Most of all, I can see the eyes and the faces of sundry German officers with whom I spoke. And when I do this I see their eyes shining with joy and their faces transfigured as though by a splendid vision; and I can hear them—not proclaiming the justice of their cause; not seeking excuse for the reprisals they had ordered; not, save for a few exceptions among them, deploring the unutterable misery and suffering their invasion of Belgium had wrought; not concerned with the ethical rights of helpless and innocent noncombatants—but proud and swollen with the thought that, at every onward step, ruthlessness and determination and being ready had brought to them victory, conquest, spoils of war. Why, these men were like beings from another world—a world of whose existence we, on this side of the water, had never dreamed.

And it was then I promised myself, if I had the luck to get back home again with a whole skin and a tongue in my head and a pen in my hand, I would in my humble way preach preparedness for America; not preparedness with a view necessarily of making war upon any one else, but preparedness with a view essentially of keeping any one else from making war upon us without counting the risks beforehand.

In my own humble and personal way I have been preaching it. In my own humble and personal way I am preaching it right this minute.
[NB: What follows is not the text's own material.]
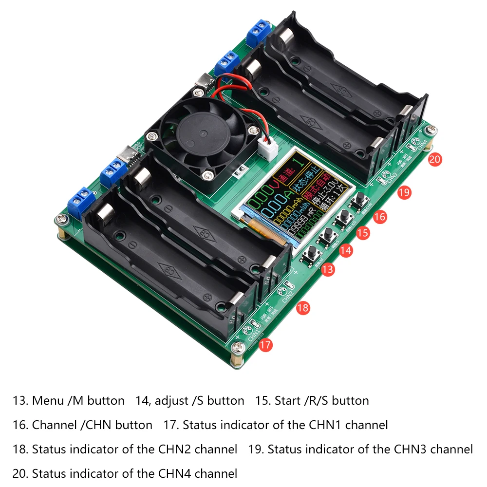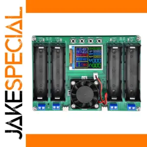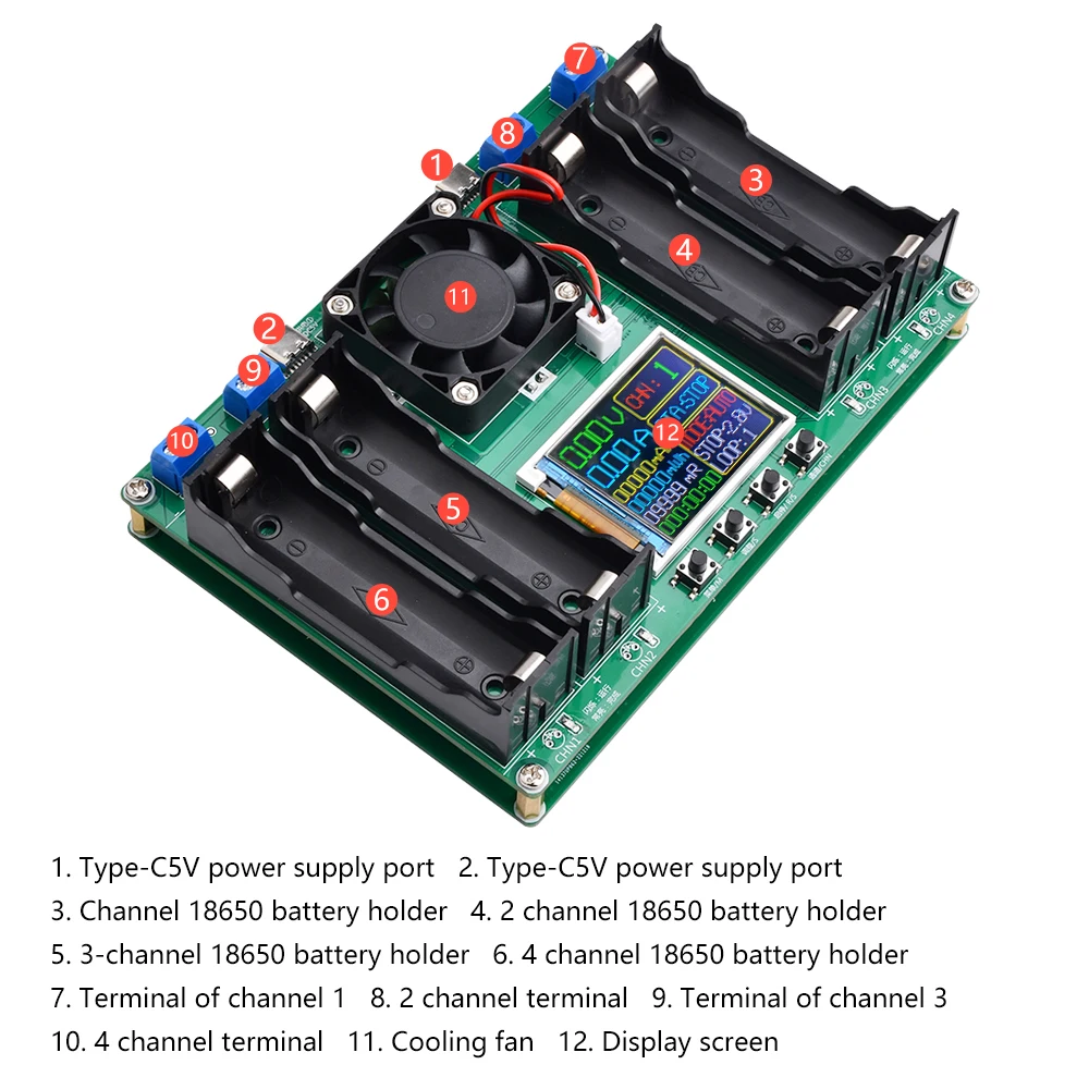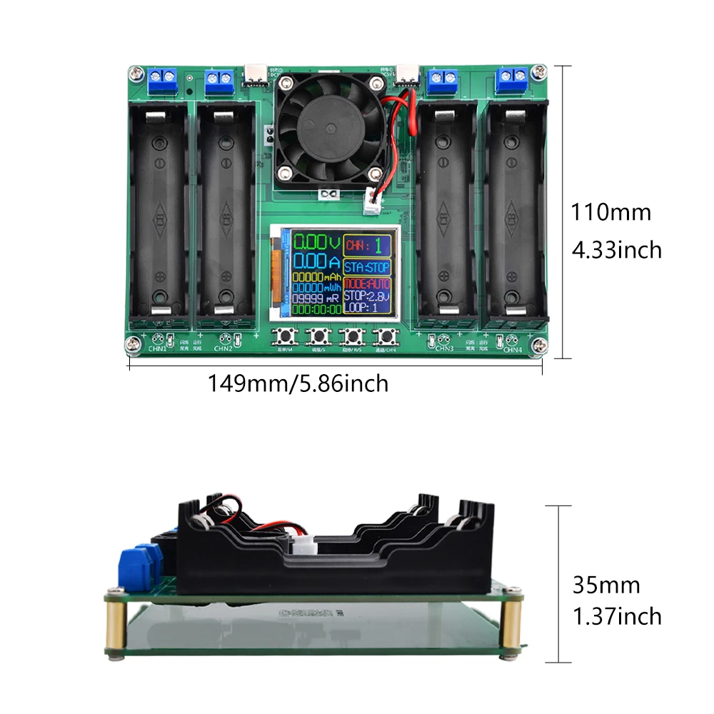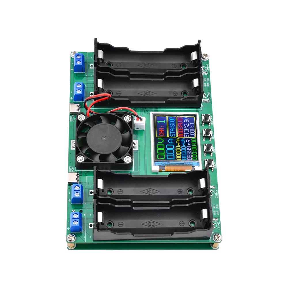 Experience precise and reliable testing with this vibrant green 4-channel lithium battery capacity tester. Designed with a colorful, industrial-inspired aesthetic, it features four black plastic battery slots aligned horizontally for easy insertion of 18650 cells. At the heart of the device is a vivid rectangular LCD screen, displaying real-time data in multiple colors—blue, red, green, yellow, and black—making it easy to monitor voltage, capacity, current, and status at a glance. The active cooling fan and overheat protection ensure stable operation during intense testing cycles. Compact and lightweight, it fits comfortably on your workspace. Whether you're testing batteries for custom projects or professional purposes, this tester combines style with advanced functionality for dependable performance.

And if my present narrative is so very personal it is because I know that the personal illustration is the best possible illustration, and that one may drive home his point by telling the things he himself has seen and felt better than by dealing with the impressions and the facts which have come to him at secondhand.

Also, it seems to me, since the break came, that now I am free to use weapons which I did not feel I had the right to use before that break did come. Before, I was a newspaper reporter, engaged in describing what I saw and what I heard—not what I suspected and what I feared. Before, I was a neutral citizen of a neutral country.

I am not a neutral any more. I am an American! My country has clashed with a foreign Power, and the enemy of my country is my enemy and deserving of no more consideration at my hands than he deserves at the hands of my country. Moreover, I aim to try to show, as we go along, that any consideration of mercy or charity or magnanimity which we might show him would be misinterpreted. Being what he is he would not understand it. He would consider it as an evidence of weakness upon our part. It is what he would not show us, and if opportunity comes will not show us, any more than he showed it to Belgium or to France, or to Edith Cavell, or to those women and those babies on the Lusitania.

He did not make war cruel—it already was that; but he has kept it cruel. War with him is not an emotional pastime; not a time for hysterical lip service to his flag; not a time for fuss and feathers. And, most of all, it is to him not a time for any display of mawkish, maudlin forbearance to his foe; but, instead, it is a deadly serious, deadly terrible business, to the successful prosecution of which he and his rulers, and his government, and his whole system of life have been earnestly and sincerely dedicated through a generation of preparation, mental as well as physical.